Кому из представителей старшего (лет четырнадцати) поколения пришла в голову замечательная мысль послать малышню попрошайничать, я не помню. Помню, как во мне поднялась волна протеста, как я встал и в самых изысканных нецензурных (это я сейчас знаю, что они нецензурные) выражениях объяснил парню вдвое старше и впятеро сильнее себя, куда он может засунуть свои светлые идеи. Помню, как один из его подпевал, беспризорник лет десяти, сбил меня с ног и как обозвал трусом, пока я поднимался (он еще много чего сказал, но это не имело для меня никакого значения).
— Я ничего не боюсь! — прохрипел я и бросился на него с такой яростью, что разница в росте, весе и силе перестала играть какую-либо роль в этой драке.
Выиграть битву — не значит выиграть войну. У моего противника нашелся покровитель постарше. Потом я лежал на земле, рыдая и вскрикивая, когда удары по ребрам были особенно сильными.
— Эй, (…) — остановил кто-то моего мучителя, — забьешь его (…) до смерти (…), сам будешь (…) закапывать (…), чтоб не вонял (…), да и Шаркуну (…) этот щенок (…) понравился (…).

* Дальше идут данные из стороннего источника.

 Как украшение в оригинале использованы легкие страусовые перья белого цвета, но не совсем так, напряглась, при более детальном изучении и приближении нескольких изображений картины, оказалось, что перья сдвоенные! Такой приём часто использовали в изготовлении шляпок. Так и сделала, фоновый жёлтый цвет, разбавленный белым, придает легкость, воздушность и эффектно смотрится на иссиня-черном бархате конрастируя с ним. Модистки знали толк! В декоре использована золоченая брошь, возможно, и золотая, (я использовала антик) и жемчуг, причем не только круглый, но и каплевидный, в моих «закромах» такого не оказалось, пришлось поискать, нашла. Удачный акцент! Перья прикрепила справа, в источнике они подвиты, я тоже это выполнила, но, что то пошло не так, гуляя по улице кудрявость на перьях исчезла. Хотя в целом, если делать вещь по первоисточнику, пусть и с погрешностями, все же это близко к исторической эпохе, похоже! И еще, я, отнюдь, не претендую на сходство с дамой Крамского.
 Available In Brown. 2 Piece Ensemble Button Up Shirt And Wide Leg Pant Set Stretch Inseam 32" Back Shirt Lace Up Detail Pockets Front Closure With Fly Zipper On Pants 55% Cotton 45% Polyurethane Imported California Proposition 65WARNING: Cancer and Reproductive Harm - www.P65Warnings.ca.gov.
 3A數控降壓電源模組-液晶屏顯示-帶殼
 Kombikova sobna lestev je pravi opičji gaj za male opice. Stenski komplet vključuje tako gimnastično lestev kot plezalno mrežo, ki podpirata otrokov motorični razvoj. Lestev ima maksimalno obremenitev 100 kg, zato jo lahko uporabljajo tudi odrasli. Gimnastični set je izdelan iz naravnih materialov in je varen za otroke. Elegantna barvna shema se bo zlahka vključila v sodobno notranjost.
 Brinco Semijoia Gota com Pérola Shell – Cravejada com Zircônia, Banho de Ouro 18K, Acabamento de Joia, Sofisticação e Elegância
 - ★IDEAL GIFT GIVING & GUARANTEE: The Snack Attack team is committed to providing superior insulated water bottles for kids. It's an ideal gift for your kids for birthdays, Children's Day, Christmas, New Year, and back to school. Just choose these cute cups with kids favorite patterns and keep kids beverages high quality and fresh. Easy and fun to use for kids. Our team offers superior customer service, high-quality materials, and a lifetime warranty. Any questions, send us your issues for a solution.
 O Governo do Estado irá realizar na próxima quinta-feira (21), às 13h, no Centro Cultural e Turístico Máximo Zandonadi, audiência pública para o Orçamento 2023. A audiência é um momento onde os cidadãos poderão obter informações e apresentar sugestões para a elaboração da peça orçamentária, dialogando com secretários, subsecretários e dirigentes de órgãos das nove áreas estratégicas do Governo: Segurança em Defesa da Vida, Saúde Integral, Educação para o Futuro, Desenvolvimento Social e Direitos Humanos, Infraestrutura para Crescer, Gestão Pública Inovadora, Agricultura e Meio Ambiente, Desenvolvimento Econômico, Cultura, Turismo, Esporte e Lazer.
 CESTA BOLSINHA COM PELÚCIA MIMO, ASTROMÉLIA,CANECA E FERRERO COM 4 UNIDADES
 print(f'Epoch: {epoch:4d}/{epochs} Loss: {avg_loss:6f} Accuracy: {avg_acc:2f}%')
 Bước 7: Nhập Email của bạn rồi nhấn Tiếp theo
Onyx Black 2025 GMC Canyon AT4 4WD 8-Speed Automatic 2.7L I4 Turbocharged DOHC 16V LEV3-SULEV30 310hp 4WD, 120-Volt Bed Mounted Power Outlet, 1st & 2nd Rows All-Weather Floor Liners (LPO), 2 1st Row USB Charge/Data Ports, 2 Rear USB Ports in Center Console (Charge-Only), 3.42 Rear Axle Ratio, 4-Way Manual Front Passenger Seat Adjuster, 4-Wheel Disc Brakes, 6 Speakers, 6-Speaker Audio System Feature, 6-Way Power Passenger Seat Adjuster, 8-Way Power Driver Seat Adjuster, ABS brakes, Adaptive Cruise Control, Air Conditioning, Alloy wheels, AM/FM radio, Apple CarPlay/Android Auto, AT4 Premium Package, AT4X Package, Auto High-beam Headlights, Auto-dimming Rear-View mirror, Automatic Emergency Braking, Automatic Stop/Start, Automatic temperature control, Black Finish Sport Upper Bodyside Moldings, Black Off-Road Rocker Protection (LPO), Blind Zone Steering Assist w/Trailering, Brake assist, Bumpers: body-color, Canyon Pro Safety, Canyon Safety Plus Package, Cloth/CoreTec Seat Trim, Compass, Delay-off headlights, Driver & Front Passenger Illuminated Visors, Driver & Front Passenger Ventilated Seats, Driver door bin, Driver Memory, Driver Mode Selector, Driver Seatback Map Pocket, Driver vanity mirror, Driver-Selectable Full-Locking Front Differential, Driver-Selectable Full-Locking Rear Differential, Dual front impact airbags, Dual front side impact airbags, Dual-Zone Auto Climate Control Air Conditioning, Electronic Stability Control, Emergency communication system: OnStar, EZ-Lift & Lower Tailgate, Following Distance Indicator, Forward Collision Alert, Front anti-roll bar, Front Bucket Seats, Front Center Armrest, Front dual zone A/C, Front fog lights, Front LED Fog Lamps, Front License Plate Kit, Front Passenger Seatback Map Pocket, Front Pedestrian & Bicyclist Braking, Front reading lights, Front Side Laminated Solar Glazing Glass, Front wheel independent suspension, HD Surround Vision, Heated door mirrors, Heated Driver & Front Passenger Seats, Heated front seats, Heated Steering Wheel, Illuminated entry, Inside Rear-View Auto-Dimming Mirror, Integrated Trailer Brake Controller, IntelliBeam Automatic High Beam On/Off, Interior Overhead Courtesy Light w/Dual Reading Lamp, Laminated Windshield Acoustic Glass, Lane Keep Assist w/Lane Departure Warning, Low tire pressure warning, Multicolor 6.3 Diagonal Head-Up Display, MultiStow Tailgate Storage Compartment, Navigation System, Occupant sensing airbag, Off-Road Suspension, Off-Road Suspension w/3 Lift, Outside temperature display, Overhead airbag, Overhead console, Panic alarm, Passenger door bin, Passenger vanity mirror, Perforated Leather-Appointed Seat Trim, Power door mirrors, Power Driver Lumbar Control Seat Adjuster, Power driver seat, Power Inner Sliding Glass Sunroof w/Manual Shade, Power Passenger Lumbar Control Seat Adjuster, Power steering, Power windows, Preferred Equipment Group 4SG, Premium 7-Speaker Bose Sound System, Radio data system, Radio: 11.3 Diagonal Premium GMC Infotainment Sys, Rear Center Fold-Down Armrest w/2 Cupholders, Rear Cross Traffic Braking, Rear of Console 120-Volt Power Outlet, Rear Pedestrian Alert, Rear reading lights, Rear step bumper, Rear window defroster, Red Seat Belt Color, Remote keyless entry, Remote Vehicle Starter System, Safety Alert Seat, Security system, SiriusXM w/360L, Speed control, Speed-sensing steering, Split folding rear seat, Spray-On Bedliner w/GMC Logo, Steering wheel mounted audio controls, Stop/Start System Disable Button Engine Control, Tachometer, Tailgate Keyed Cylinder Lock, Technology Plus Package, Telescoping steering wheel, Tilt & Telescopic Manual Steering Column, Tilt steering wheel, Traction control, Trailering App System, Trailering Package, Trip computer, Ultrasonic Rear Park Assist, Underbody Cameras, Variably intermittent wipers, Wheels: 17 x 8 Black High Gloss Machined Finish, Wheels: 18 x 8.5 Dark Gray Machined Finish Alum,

— Подбери сопли (…) и заткнись (…)! — сказали мне, но в покое оставили.
Тогда я и обещал себе, что больше никто никогда не увидит моих слез.
Ночью я убрался со ставшей такой неуютной свалки. И спрятался в полузаброшенном чуланчике на заднем дворе маленького молочного магазинчика. Утром меня обнаружила хозяйка, но, выяснив, что, во-первых, я ничего не украл, а во-вторых, полумертв, не прогнала, а наоборот, промыла мою рассеченную бровь и целых две недели подкармливала фруктовыми йогуртами с закончившимся сроком реализации. В жизни не ел ничего вкуснее.
Добрая женщина, пожалуй, оставила бы меня у себя, если бы жила подальше от той самой свалки, которую я только что покинул. Меня искали, хотя и не слишком интенсивно, однако было очевидно, что ежедневно ходить по ближайшим улицам мне не дадут.